The provisions of the Code of Civil Procedure referring to the management

and to the inventory of a demented wards property, be she married or not, are
general in character, for they affect all her property without exception; while
the provisions of the Civil Code referring to the management of the property of
the said demented ward, when married, are special provisions; therefore, the
latter take precedence over the former case of conflict.

If the husband were obliged, as his demented wifes guardian, to include in the
inventory of her property, her half of the conjugal property, it would be a
diminution of his powers conferred upon him by the Civil code to manage the
property of the conjugal partnership, and to encumber and bind for a valuable
consideration said property without his wifes consent, for as said guardian he
would not be able to exercise said powers freely, being subject to the
supervision and control of the court, with regard to the demented wifes half of
the conjugal property. And this anomaly is not remedied by declaring in the
judgment that it is not to be understood as altering the rights and obligations
of the partnership and of the spouses severally, with relation to said property
established in said Civil Code, inasmuch as such a proviso constitutes a
limitation of the guardians power to manage the property of the married
demented ward, and, therefore, an amendment to the law, an act beyond
the powers of the court of justice.

For the foregoing considerations, we are of opinion and so hold that a married
woman, under guardianship by reason of mental derangement, is not entitled
to have her half of the legal conjugal partnership which still subsists, included
in the inventory of her property to be filed by her guardian, and therefore, the
husband, appointed guardian of her person and estate, cannot be compelled
to include in the inventory of the same, said half of the conjugal property.

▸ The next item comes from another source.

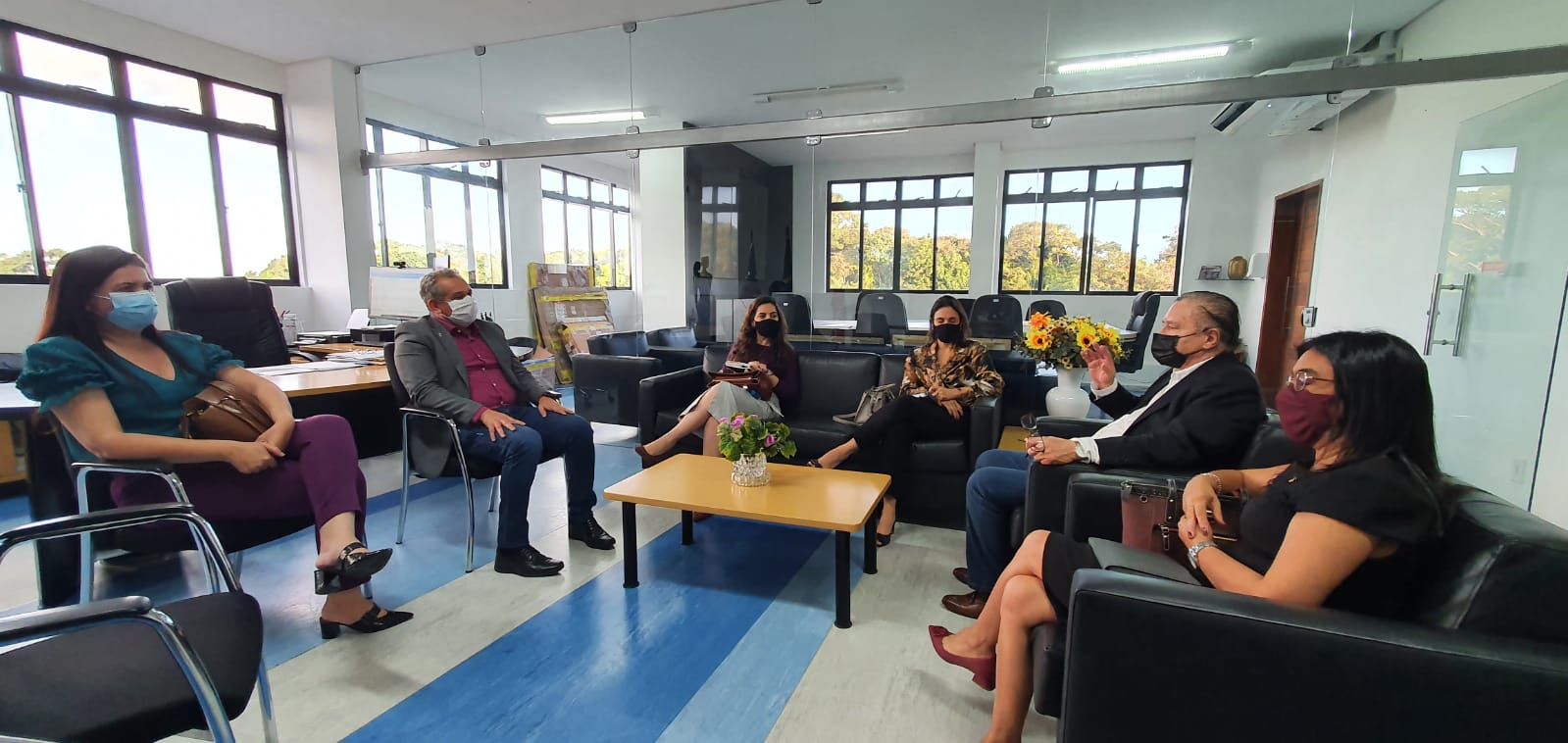 Também participaram da reunião a Diretora Regional do Sesc, Juliana Fernandes, e as diretoras do Senac Indira Brandão (Diretora Administrativa e Financeira) e Vera Lúcia Silva (Diretora de Educação Profissional).

Having reached this conclusion, we deem it unnecessary to decide the

questions raised in the other assignments of error, since the special guardian
does not contend that the regular guardian holds in his possession property
belonging exclusively to the ward, other than conjugal property.

By virtue whereof, the judgment appealed from is reversed, and the complaint
is dismissed, without special pronouncement as to the cost. So ordered.

Johnson, Malcolm, Villamor, Ostrand and Johns, JJ., concur.